Hi Christian,
If you'd manage to provide me with some appropriate tables for Greek characters, I'll be glad to extend this mapping.
If i understood correctly i used the unicode codes from
http://unicode.org/charts/PDF/U0370.pdf
to produce the following mapping:
{'\u0390', 'ι'},
{'\u03b0', 'υ'},
{'\u03d3', 'Υ'},
{'\u03d4', 'Υ'},
{'\u0386', 'Α'},
{'\u0388', 'Ε'},
{'\u0389', 'Η'},
{'\u038a', 'Ι'},
{'\u03aa', 'Ι'},
{'\u03ca', 'ι'},
{'\u03ab', 'Υ'},
{'\u03cb', 'υ'},
{'\u038c', 'Ο'},
{'\u03ac', 'α'},
{'\u03cc', 'ο'},
{'\u03ad', 'ε'},
{'\u03cd', 'υ'},
{'\u038e', 'Υ'},
{'\u03ae', 'η'},
{'\u03ce', 'ω'},
{'\u038f', 'Ω'},
{'\u03af', 'ι'},
I am concerned though because this is not always the desired behavior. Sometimes (ie in an academic context) I could see the need for accent-sensitive searches. The optimal scenario would be to have these mappings in an easily parsable text file (just like stopword list behaves). OTOH this would be reinventing the collation wheel (an oversimplified version of it) For example the mapping above only covers modern Greek text. Ancient/Polytonic Greek has a lot more mappings that are not needed for modern greek. Also I'm pretty sure other languages have such needs too.

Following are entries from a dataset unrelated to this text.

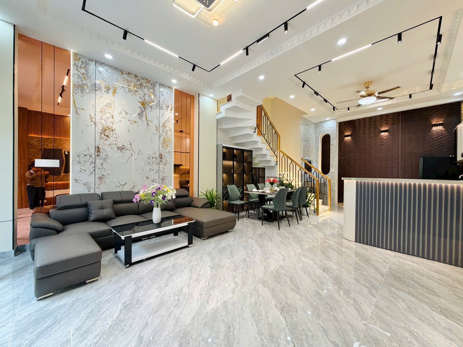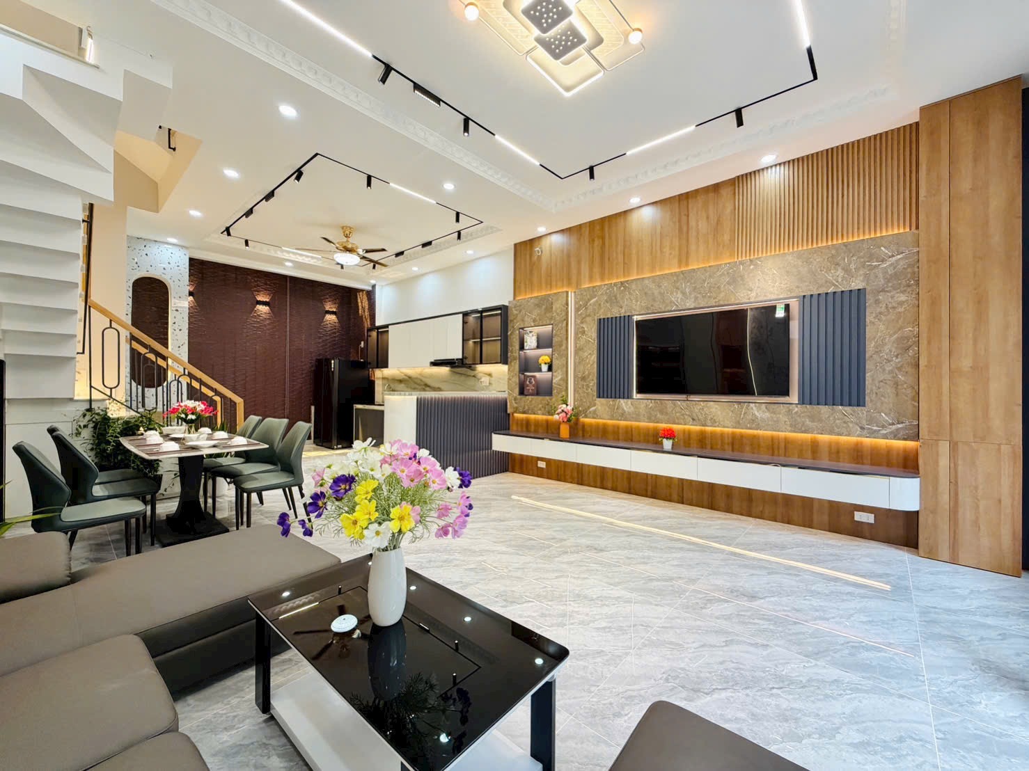 Không gian phòng khách rộng, thiết kế mở liên thông với bếp và bàn ăn, mang đến cảm giác ấm cúng, tiện nghi.
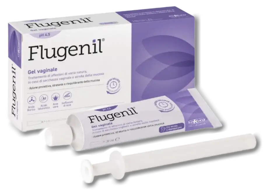 Flugenil® Vaginal Gel is useful in all conditions of vaginal dryness and / or irritation, dyspareunia. Thanks to its natural principles, it helps to nourish the vaginal mucosa, restoring its natural elasticity and softness, preventing irritation and exerting a soothing action. In addition, the presence of hyaluronic acid assists the healing and repair of skin and mucosal lesions. Flugenil® vaginal gel acts quickly against itching and burning and promotes the rebalancing of the vaginal pH in the outcomes of bacterial vaginosis or mycosis (candidiasis).
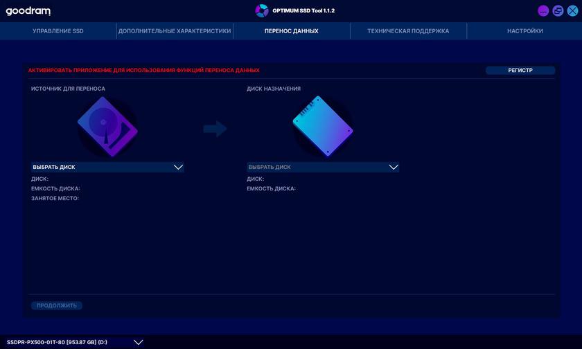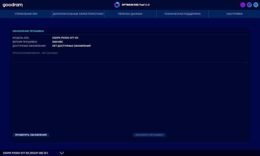 У Goodram есть фирменное приложение OPTIMUM SSD Tool для работы со своими SSD-накопителями. Функционально есть всё самое необходимое: общий мониторинг накопителя, его заполнения (включая сортировку по типам данных), возможность обновления прошивки, тест скорости, общее время работы, оставшийся ресурс, возможность переноса данных и обратная связь с разработчиками:
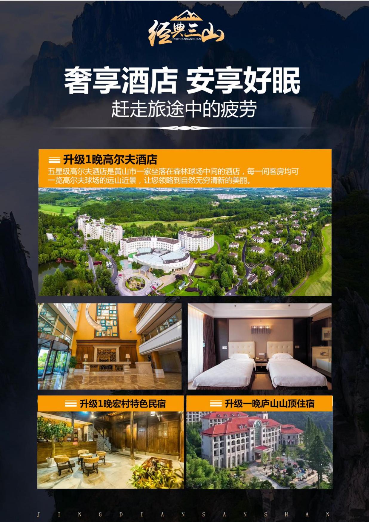 奢享酒店:特色 1 晚(wǎn)高爾夫酒店;1 晚宏村(cūn)特(tè)色民宿;1 晚廬山山頂住宿(xiǔ)(深度遊覽廬山美景) 升級 1 晚望仙穀外特色(sè)民宿,可深度遊覽望仙穀夜(yè)景 奢享(xiǎng)美食:5 早餐 4 正(zhèng)餐,其中安(ān)排一頓徽州(zhōu)臭(chòu)鱖魚特色餐(cān)+徽州黃梅(méi)戲表演
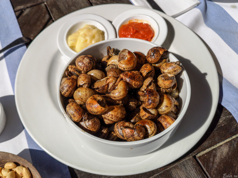 Некоторое время назад виноградные улитки (каракольес) были только моим любимым блюдом, а сейчас ими фанатеет вся семья. Причем везде интересно пробовать, потому что готовят их очень и очень по-разному. В данном случае их запекали в масляно-чесночном соусе, получилось очень вкусно и дополнительные соусы, на мой взгляд, вообще не были нужны. Хотя без них улитки были островаты, а соусы эту остроту приглушали.

I'd like to hear your thoughts on this.
Do you have a direct reference to your prefered Greek stemmer class?
The specific class I am referring to is:
http://lucene.apache.org/core/3_6_0/api/all/org/apache/lucene/analysis/el/Gr...
It is included in the lucene-3.6.0.tgz tarball under contrib/analyzers/common/lucene-analyzers-3.6.0.jar IIRC greek analyzer was introduced in 3.5.0 release hence it is not present in the 3.4.0 stemmers jar.
Thanks, alex